Throughout the centuries there were men who took first steps down new
roads armed with nothing but their own vision. Their goals differed, but they
all had this in common: that the step was first, the road new, the vision
un-borrowed, and the response they received—hatred. The great creators—the
thinkers, the artists, the scientists, the inventors—stood alone against the men
of their time. Every great new thought was opposed. Every great new invention
was denounced. The first motor was considered foolish. The airplane was
considered impossible. The power loom was considered vicious. Anesthesia was
considered sinful. But the men of un-borrowed vision went ahead. They fought,
they suffered and they paid. But they won.
No creator was prompted by a desire to serve his brothers, for his
brothers rejected the gift he offered and that gift destroyed the slothful
routine of their lives. His truth was his only motive. His own truth, and his
own work to achieve it in his own way. A symphony, a book, an engine, a
philosophy, an airplane or a building—that was his goal and his life. Not those
who heard, read, operated, believed, flew or inhabited the thing he had created.
The creation, not its users. The creation, not the benefits others derived from
it. The creation which gave form to his truth. He held his truth above all
things and against all men.
His vision, his strength, his courage came from his own spirit. A man's
spirit, however, is his self. That entity which is his consciousness. To think,
to feel, to judge, to act are functions of the ego.
The creators were not selfless. It is the whole secret of their power—that
it was self-sufficient, self-motivated, self-generated. A first cause, a fount
of energy, a life force, a Prime Mover. The creator served nothing and no one.
He lived for himself.
And only by living for himself was he able to achieve the things which are
the glory of mankind. Such is the nature of achievement.
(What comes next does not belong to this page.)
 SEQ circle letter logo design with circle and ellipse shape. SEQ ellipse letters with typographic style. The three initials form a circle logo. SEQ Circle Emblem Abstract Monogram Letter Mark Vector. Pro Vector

Man cannot survive except through his mind. He comes on earth unarmed. His
brain is his only weapon. Animals obtain food by force. Man has no claws, no
fangs, no horns, no great strength of muscle. He must plant his food or hunt it.
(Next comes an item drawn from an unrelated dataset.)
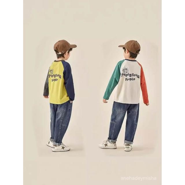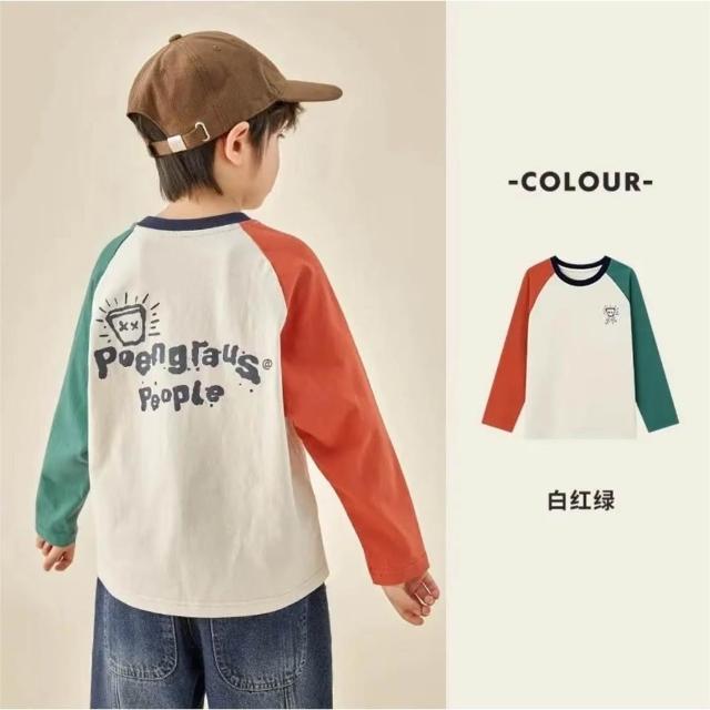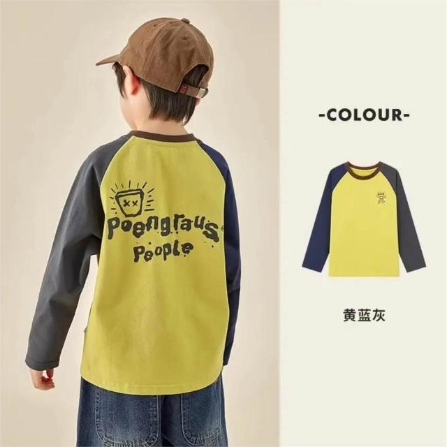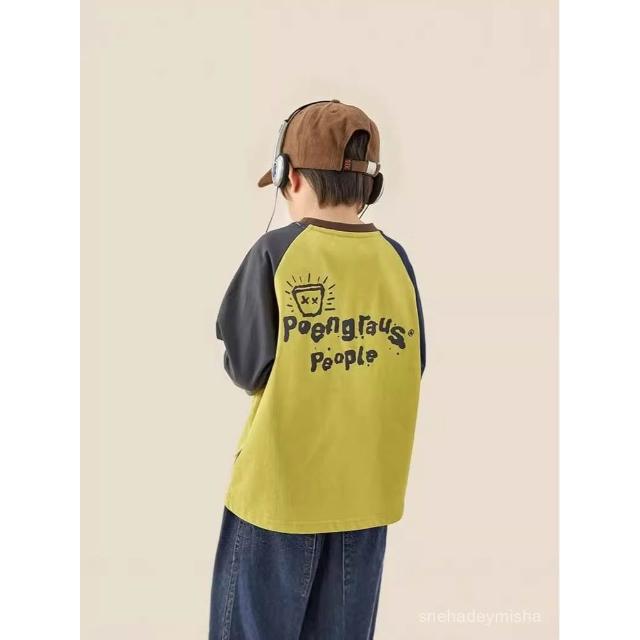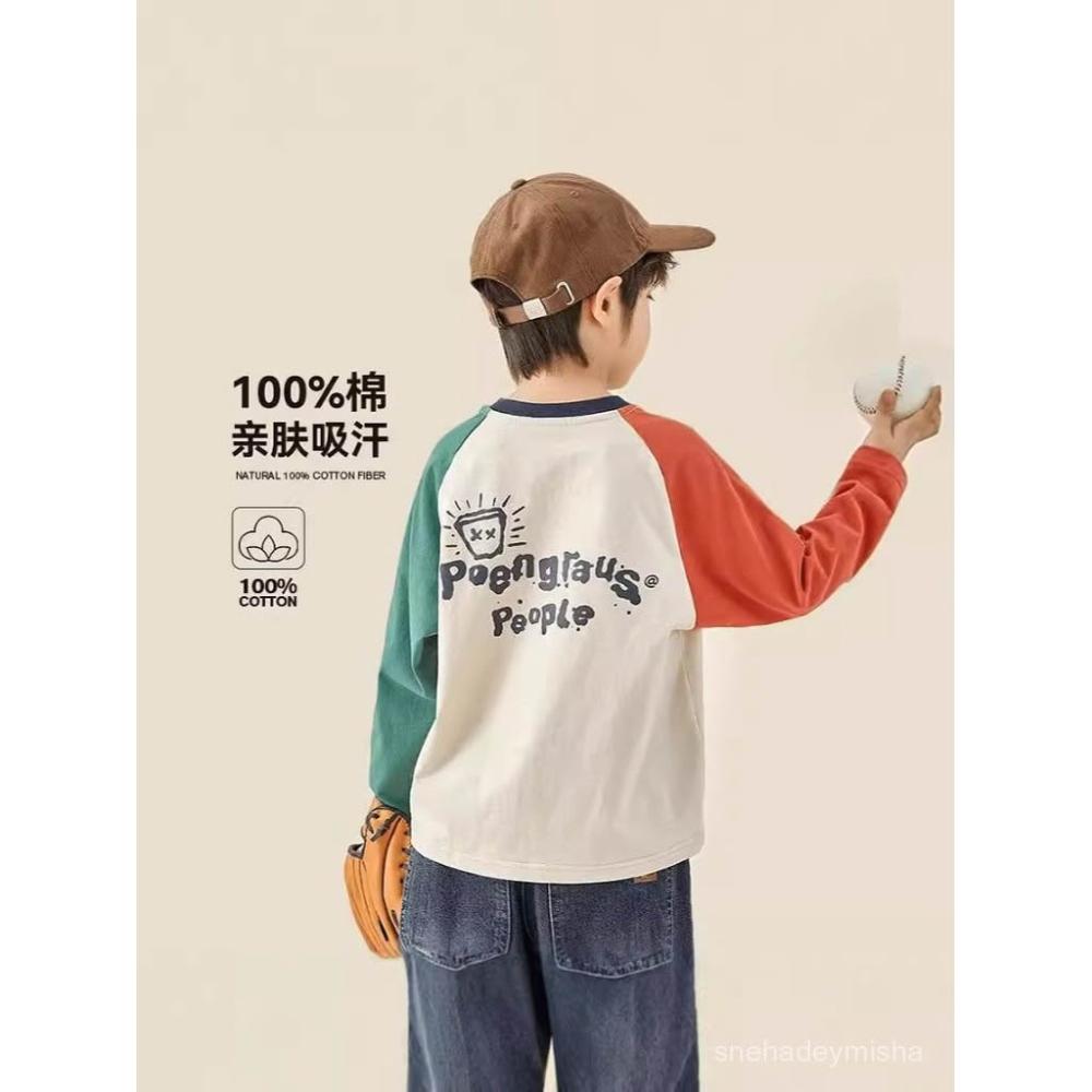 高品質兒童純棉T恤春秋季男童插肩長袖休閒中大童衛衣上衣100%棉

To plant, he needs a process of thought. To hunt, he needs weapons, and to make
weapons—a process of thought. From this simplest necessity to the highest
religious abstraction, from the wheel to the skyscraper, everything we are and
everything we have comes from a single attribute of man—the function of his
reasoning mind.
But the mind is an attribute of the individual. There is no such thing as
a collective brain. There is no such thing as a collective thought. An agreement
reached by a group of men is only a compromise or an average drawn upon many
individual thoughts. It is a secondary consequence. The primary act—the process
of reason—must be performed by each man alone. We can divide a meal among many
men. We cannot digest it in a collective stomach. No man can use his lungs to
breathe for another man. No man can use his brain to think for another. All the
functions of body and spirit are private. They cannot be shared or transferred.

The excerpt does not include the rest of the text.